R-type: register-register
I-type: short immediates and loads
S-type: stores
B-type: conditional branches, a variation of S-type
U-type: long immediates
J-type: unconditional jumps, a variation of U-type
My brain said "im out" i really not understand but im not CPU designer my target is just understand the concept how working.
so i choose only (I,R,J) (enough)
After than i made a Instruction Table
For Read instructions, I decode this alignment structure =
For Immediate instructions, I decode this alignment structure =
And i designed in game with Equal and Constant components (i know its like wire spaghetti)
And i was started to make Register block (This was the hardest part for me)
In Register Block, Firstly i decode the alignment. If the opcode is Immediate type, I move Return Address to Read Address 2 with MUX component.

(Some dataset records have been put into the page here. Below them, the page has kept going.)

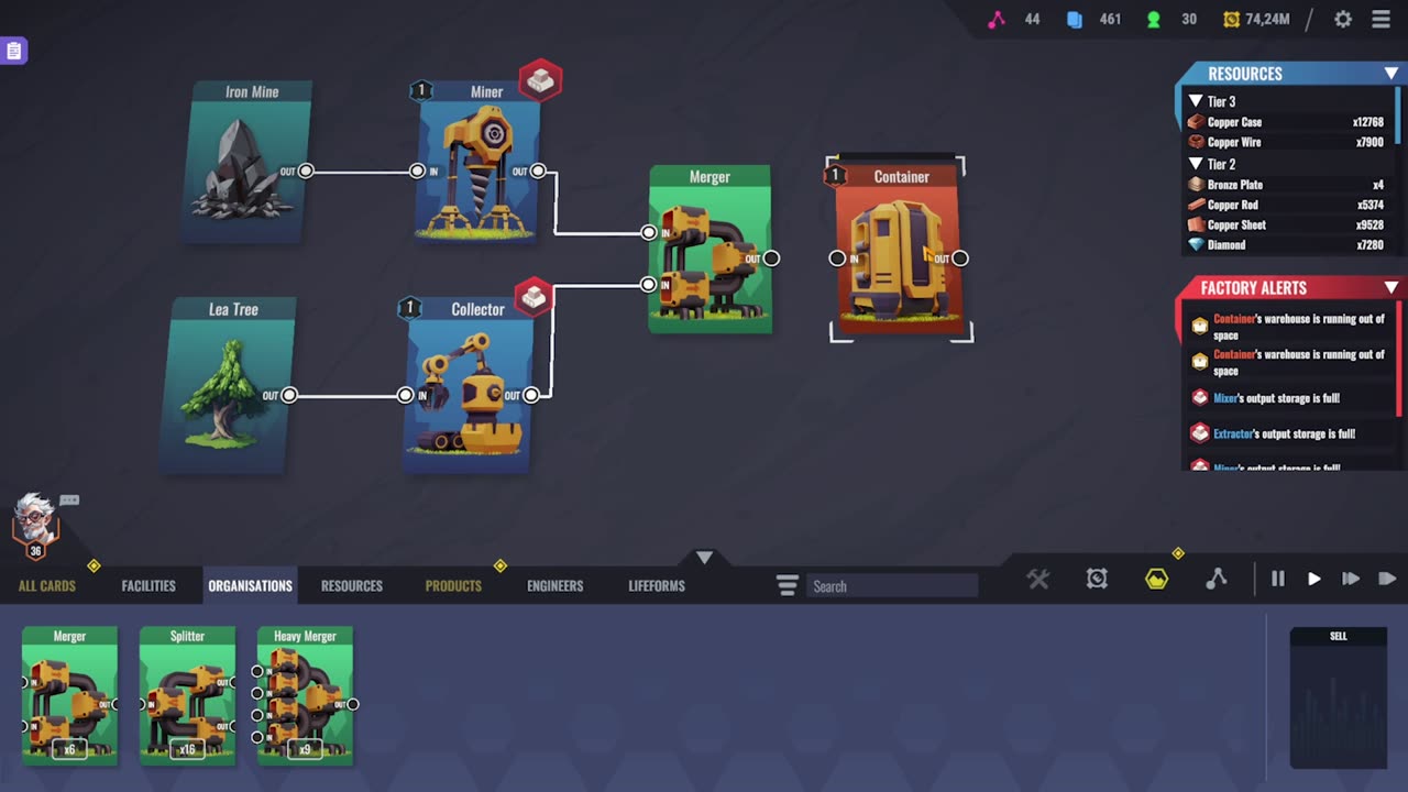 Craft new cards or upgrade existing ones to improve your capabilities. As you progress, unlock more complex cards to scale your factory into a highly advanced industrial hub.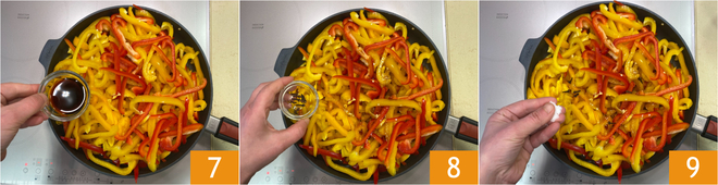 Also, slice the onion into thin slices 4. In a non-stick pan, pour the oil, add the onion 5 and the peppers 6.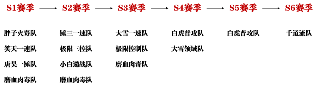 上图便是维一刚刚去找了找,过去每一个赛季我写过的全民对决阵容攻略后所总结出的赛季阵容演变图,大家从图中可以清晰的看到,S1和S2赛季的还能有不少队伍的克制关系,比如强攻一速的打法克制控制队,但却打不动肉队,但肉队又怕控制队在破被动后的暴力输出,所以这种环环相克的关系也是当时全民对决玩法能够吸引不少玩家的最大特质所在。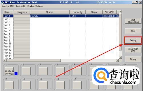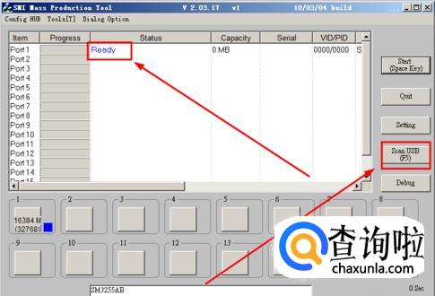 在慧荣量产工具中,我们点击 scan usb,进行U盘扫描,在状态中出现“ready"表明量产工具能正常读取U盘。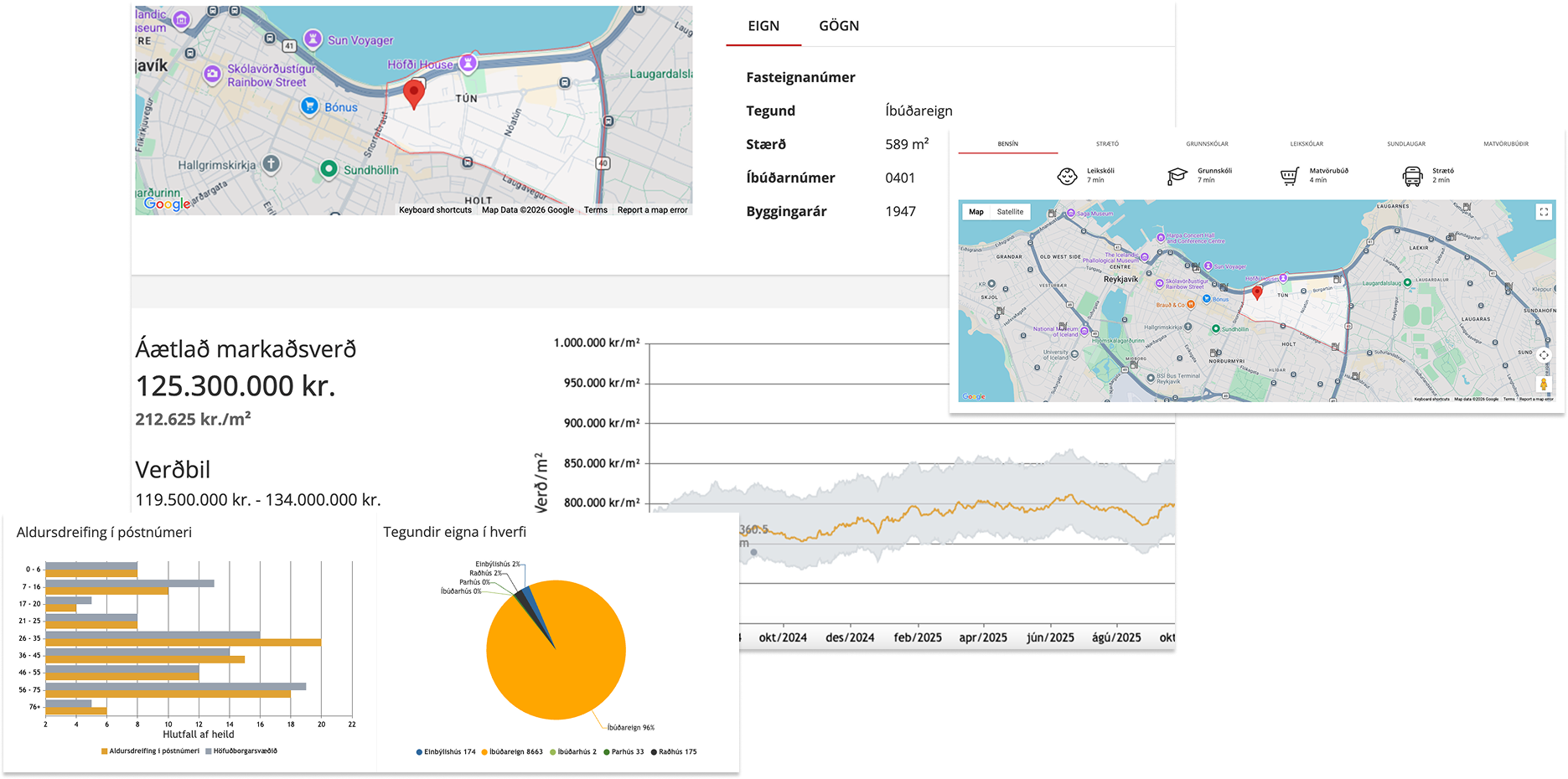 Hægt er að nálgast ítarlegar upplýsingar um áætlað markaðsvirði fasteignar sem byggja bæði á opinberum upplýsingum um fasteignir auk upplýsinga um þróun á fasteignamarkaði.
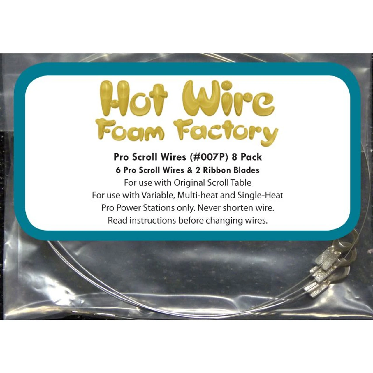 Six (6) 10.5-Inch Pro Scroll Table wires and two (2) shapeable flat wires for the Original Scroll Table, 16″ 3D Scroll Table and 24″ 3D Scroll Table. For use with the Pro Power Stations only. Hot Wire Foam Factory Scroll Table Pro Wires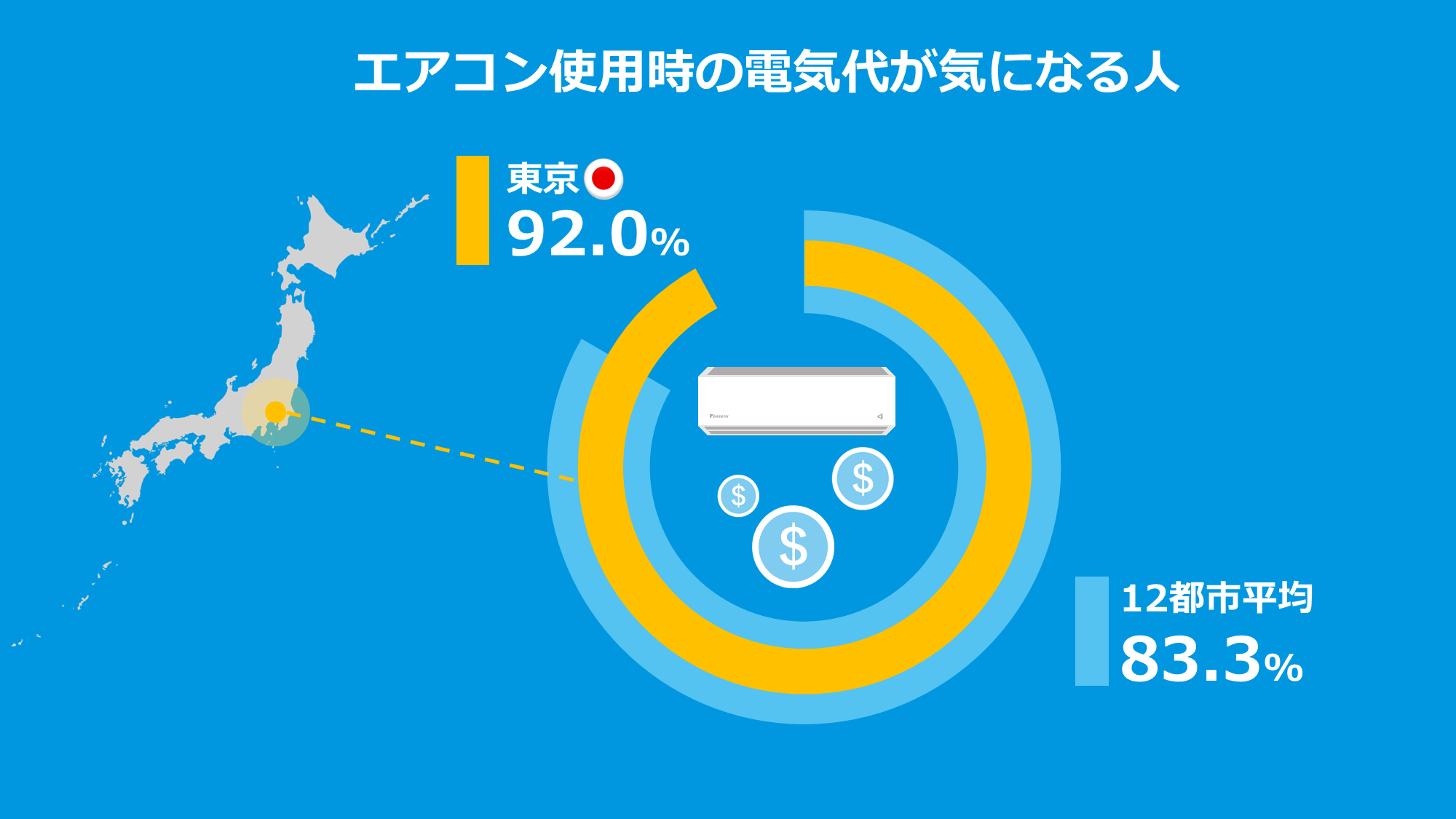 日本では省エネを促すために、室温28℃を目安にしてエアコンの温度を設定することを政府が推奨しています。東京の平均設定温度が高いという結果になった背景には、環境を意識した政府の呼びかけも影響していそうです。また、今回の調査から、東京では90%以上の人がエアコンを使用する際に電気代を気にしており、12都市の中で最も多いことがわかりました。さらに、「節電・省エネのために、自宅でエアコンを使用する時に実施している工夫」として、「設定温度を高め(冷房時)もしくは低め(暖房時)にする」人の割合も、12都市の中で東京が最も高く、71%となりました。東京の平均設定温度が高いのは、電気代に対する意識の高さも関係しているのかもしれません。

In this decode part i learned how computer address it. Firstly i decode the part, now we have 8 bit value. And we shift left 1 value in 32 bit with that 8 bit value to get address. Normally we want 5 bit decoder with 32 output because 5 to the power of 2 equal to 32 and we have 32 register, with SHL component we do that easily without 5 bit decoder.
An example:
We need to reach 10. Register. We gave to opcode 10 = 00001010,
We gave 1 bit to SHL value section. And we gave our opcode to SHL shift by section. Result, 1 is shifted ten times and we got 0000 0000 0000 0010 0000 0000
and we would use 32 byte splitter, 32 byte splitter gives 8-8-8-8 output, and we use 4 8 bit splitter to get value.
So we have 32 output.
Anyway, We have 2 (1 bit input)
If the RegWrite flag is on, RA register's save section gonna on, And if we gave a value to Register Block, that will gonna saved to RA.
Load section is on everytime. Because we control read permission with switches
and register block outputs 2 value (arg1 and arg2).
I connected these outputs to ALU and i made Immediate Gen block. If the opcode says its a Immediate value, Alu takes IM value instead arg 2
Alu (Arithmetic logic unit)
SLT: Signed Less Than
XOR: or. (but not both)
SLL: Shift Left Logical
SRL: Shift Right Logical
For jump types, Thats a branch block controls branch types and jump, and changes the Program Counter(PC).
and its check BEQ,BNE,JUMP.
BEQ: Branch if Equal
BNE: Branch if Not Equal
and these branches uses jump with offset i mean if we give 5 value, and if the branch triggerred, PC jumps = (Current PC val + Offset). Like this
BEQ x10,x11,2
ADD x12,x10,x11
XOR x12,x10,x11 (BEQ JUMPS HERE)but JUMP directly jumps to the our value
XOR x12,x10,x11 (JUMPS HERE)
JUMP 0
ADD x12,x10,x11
ADD x12,x10,x11And the last thing is ram. I connected Alu's result to ram's address section.
LW: Load Word
SW: Save Word
We use these instructions to save and load values in ram.
These instructions work like add, because they are working like that. But we using for addressing.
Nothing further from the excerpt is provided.